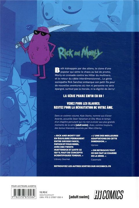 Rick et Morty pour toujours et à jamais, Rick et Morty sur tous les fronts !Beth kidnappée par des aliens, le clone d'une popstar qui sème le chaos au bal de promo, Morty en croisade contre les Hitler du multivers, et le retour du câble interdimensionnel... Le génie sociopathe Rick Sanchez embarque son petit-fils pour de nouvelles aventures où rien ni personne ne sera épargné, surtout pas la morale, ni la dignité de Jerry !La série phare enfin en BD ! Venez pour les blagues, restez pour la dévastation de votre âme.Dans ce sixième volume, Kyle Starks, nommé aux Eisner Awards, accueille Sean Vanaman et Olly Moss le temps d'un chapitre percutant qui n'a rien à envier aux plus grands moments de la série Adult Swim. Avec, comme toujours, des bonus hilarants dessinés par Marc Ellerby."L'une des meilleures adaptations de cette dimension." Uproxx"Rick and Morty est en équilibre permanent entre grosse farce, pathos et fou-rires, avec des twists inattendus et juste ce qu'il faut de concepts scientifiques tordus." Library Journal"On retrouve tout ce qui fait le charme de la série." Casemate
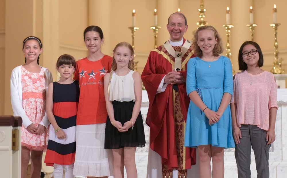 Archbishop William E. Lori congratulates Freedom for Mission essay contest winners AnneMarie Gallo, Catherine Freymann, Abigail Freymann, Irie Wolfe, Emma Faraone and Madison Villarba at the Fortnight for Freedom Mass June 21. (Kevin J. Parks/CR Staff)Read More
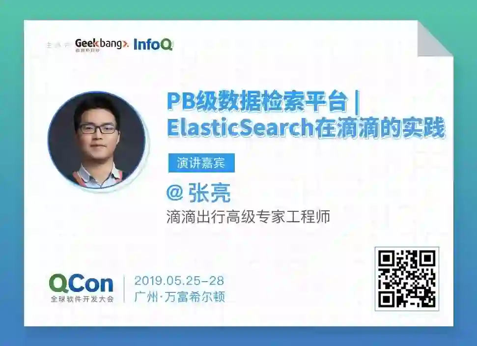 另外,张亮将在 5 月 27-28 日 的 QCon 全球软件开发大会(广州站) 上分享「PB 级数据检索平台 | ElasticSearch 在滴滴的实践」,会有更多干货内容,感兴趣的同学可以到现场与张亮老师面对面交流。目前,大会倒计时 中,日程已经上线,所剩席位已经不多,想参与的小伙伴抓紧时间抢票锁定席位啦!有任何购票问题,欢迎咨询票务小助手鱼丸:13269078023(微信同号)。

◆ **Problem to solve**
Leaving out all pictures, retype exactly the lines that run from the one containing "Archbishop William E." through the last line of the material.

◆ **Solution to the exercise**
 Archbishop William E. Lori congratulates Freedom for Mission essay contest winners AnneMarie Gallo, Catherine Freymann, Abigail Freymann, Irie Wolfe, Emma Faraone and Madison Villarba at the Fortnight for Freedom Mass June 21. (Kevin J. Parks/CR Staff)Read More
 另外,张亮将在 5 月 27-28 日 的 QCon 全球软件开发大会(广州站) 上分享「PB 级数据检索平台 | ElasticSearch 在滴滴的实践」,会有更多干货内容,感兴趣的同学可以到现场与张亮老师面对面交流。目前,大会倒计时 中,日程已经上线,所剩席位已经不多,想参与的小伙伴抓紧时间抢票锁定席位啦!有任何购票问题,欢迎咨询票务小助手鱼丸:13269078023(微信同号)。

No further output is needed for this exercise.